=== Exercise ===
The exact lines of the listing, from its first through the line that contains "和仁斉さんの総運は26画の2点!", are to make up the answer, and pictures are to be left out.

§

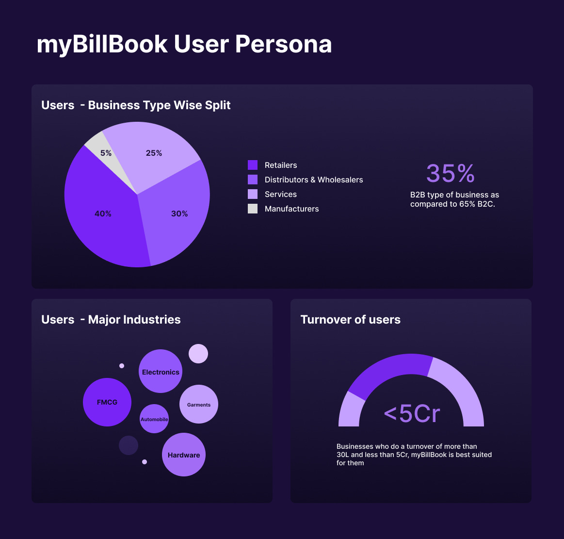 š” Our users at myBillBook were small businesses generating an annual turnover between ā¹30 lakh to ā¹5 crore. This represent a broad spectrum of the Indian economy. These businesses can be categorized based on two primary classifications: the nature of their business (retailers, distributors, wholesalers, manufacturers, and service providers) and their industry domain (FMCG, electronics, garments, pharma, hardware, automobile, etc).
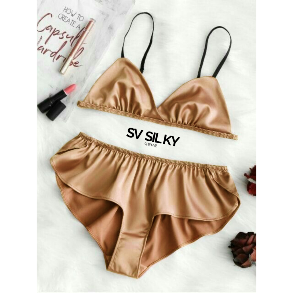 Set Bra dan Celana Dalam Wanita Bahan SV Silk Satin Korea Premium – Bra Tanpa Kawat dengan Cup, Desain Elegan, Adem dan
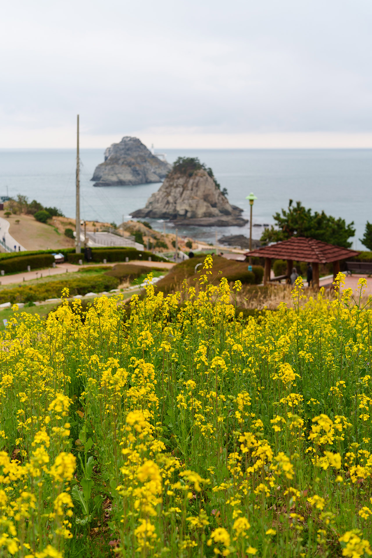 오륙도와 유채꽃. 부산 근처에서 유채꽃은 볼 수 있는 곳이 많습니다. 곧 유채와 벚꽃이 절정을 맞겠네요.
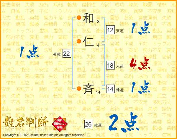 和仁斉さんの総運は26画の2点!
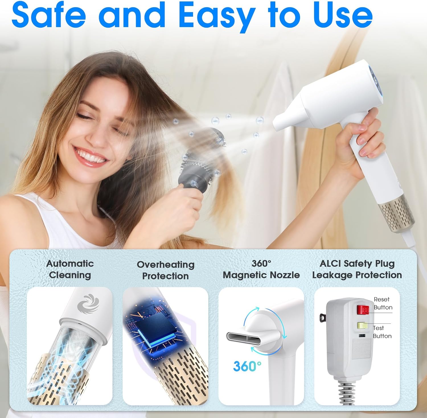 ✅【Safety & Automatic Cleaning Function】The blow dryer has ALCI safety plug to protect against overheating and electrical issues. This plasma hairdryer comes with double-layer magnetic suction nozzle that rotate 360° for prevent from burns. A 0.2mm filter mesh prevents hair from entering the motor, while the automatic cleaning function simplifies maintenance, effectively extending the lifespan of the hair blower. Press for 10 seconds to enter the cleaning mode. After 10 seconds of motor reversal, restore the motor to rotate
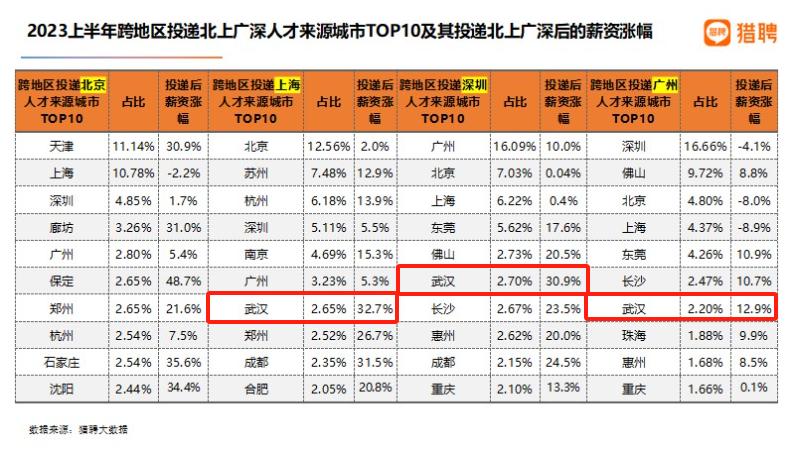 猎聘大数据显示,2023上半年,跨地区投递上海、深圳、广州的城市人才里,武汉人才流向沪深广的薪资涨幅,都是最高的。
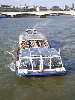 Numerous proposals for "river bus" services were considered throughout the 20th century, although the few that were realised were cancelled after a short time in service.[12] During World War II, from 13 September 1940 to 2 November 1940, a temporary wartime river bus service was introduced, running every 20 minutes, between Westminster and Woolwich using converted pleasure cruisers provided by the Port of London Authority to replace train, tram and trolleybus services which were disrupted by the bombing of the Blitz. London Transport bus inspectors and conductors issued and checked the tickets on board the boats.[13][14]
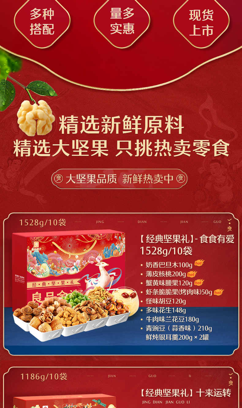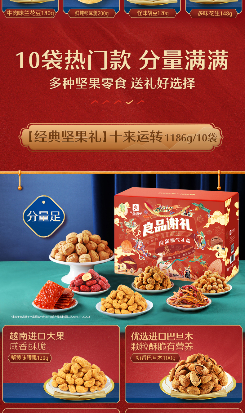 天猫良品铺子旗舰店98元,下单立减29元,可领20元优惠券,实付49元到手,热销中秋礼盒 1528/10袋(含3坚果)都是硬货,留着过节送礼或者慢慢吃都划算的很~
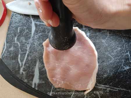 - Use a meat mallet to tenderize the pork chops. If you don't have one, you can use the back of a knife or a pestle (take care not to pound too much that you break the meat with the pestle)
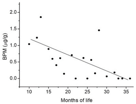 Data were summarized using Microsoft Excel 2013 (Microsoft 365, Microsoft Corporation, USA), mean concentrations were calculated on volume-based and creatinine-adjusted basis for positive samples. Statistical analyses were performed using the R3.4.3 statistical package (R Foundation for Statistical Computing, Vienna, Austria). The influence of age and sex on the results obtained for each BP was analyzed using a generalized linear model (GLM) corrected for the binomial family based on the presence (≥LOQ = 1) and absence (<LOQ = 0) of BPs. The plot of BPM concentration (μg/g) vs. age (in months) of infants and toddlers (Figure 1) was obtained from the average concentrations of BPM per months of life. In the case of infants or toddlers with same months of life and detectable concentrations of BPM, an average concentration between the values was used on the y-axis.
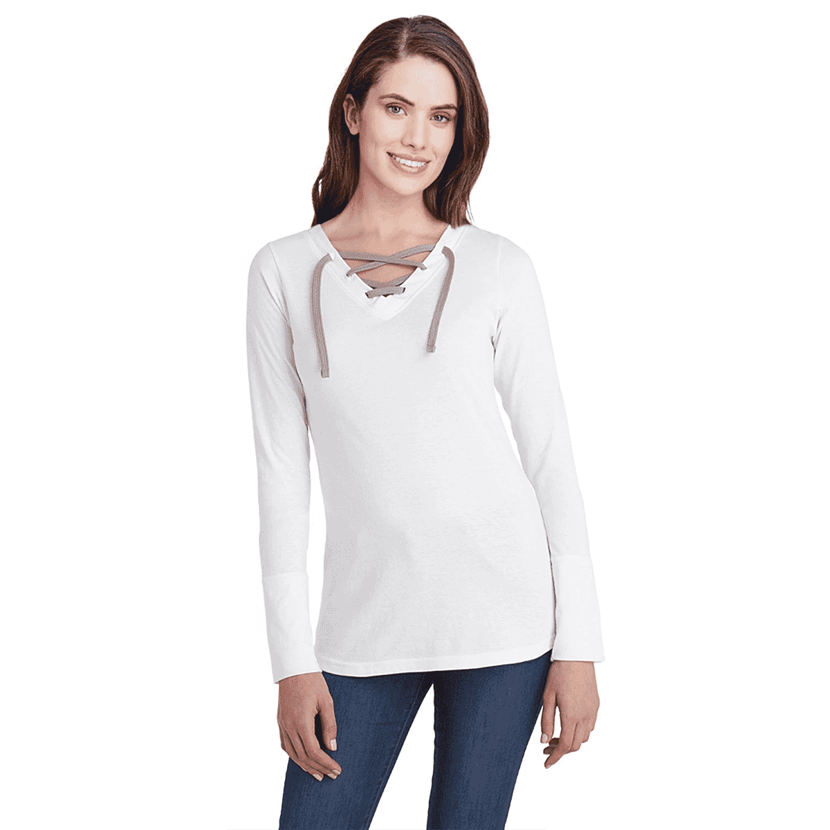 Refresh your wardrobe with the LAT long-sleeve lace-up tee for effortless style. This versatile long-sleeved tee offers comfort throughout your daily activities. The fine jersey material feels luxurious against your skin. It combines fashion and function for your active lifestyle.
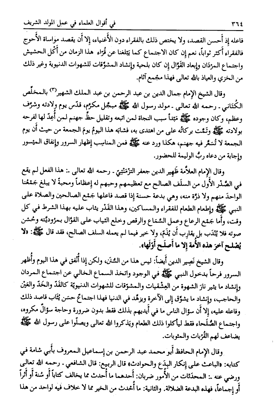 وقال الشيخ الإمام جمال الدين بن عبد الرحمن بن عبد الملك الشهير (3) بالمخلّص الكتاني- رحمه الله تعالى- مولد رسول الله صلى الله عليه وسلم مبجّل مكرّم، قدّس يوم ولادته وشرّف وعظم، وكان وجوده صلى الله عليه وسلم مبدأ سبب النجاة لمن اتبعه وتقليل حظّ جهنم لمن أعدّ لها لفرحه بولادته صلى الله عليه وسلم وتمّت بركاته على من اهتدى به، فشابه هذا اليوم يوم الجمعة من حيث أن يوم الجمعة لا تسعّر فيه جهنم، هكذا ورد عنه صلى الله عليه وسلم فمن المناسب إظهار السرور وإنفاق الميسور وإجابة من دعاه ربّ الوليمة للحضور.

§

=== Exercise output ===
 š” Our users at myBillBook were small businesses generating an annual turnover between ā¹30 lakh to ā¹5 crore. This represent a broad spectrum of the Indian economy. These businesses can be categorized based on two primary classifications: the nature of their business (retailers, distributors, wholesalers, manufacturers, and service providers) and their industry domain (FMCG, electronics, garments, pharma, hardware, automobile, etc).
 Set Bra dan Celana Dalam Wanita Bahan SV Silk Satin Korea Premium – Bra Tanpa Kawat dengan Cup, Desain Elegan, Adem dan
 오륙도와 유채꽃. 부산 근처에서 유채꽃은 볼 수 있는 곳이 많습니다. 곧 유채와 벚꽃이 절정을 맞겠네요.
 和仁斉さんの総運は26画の2点!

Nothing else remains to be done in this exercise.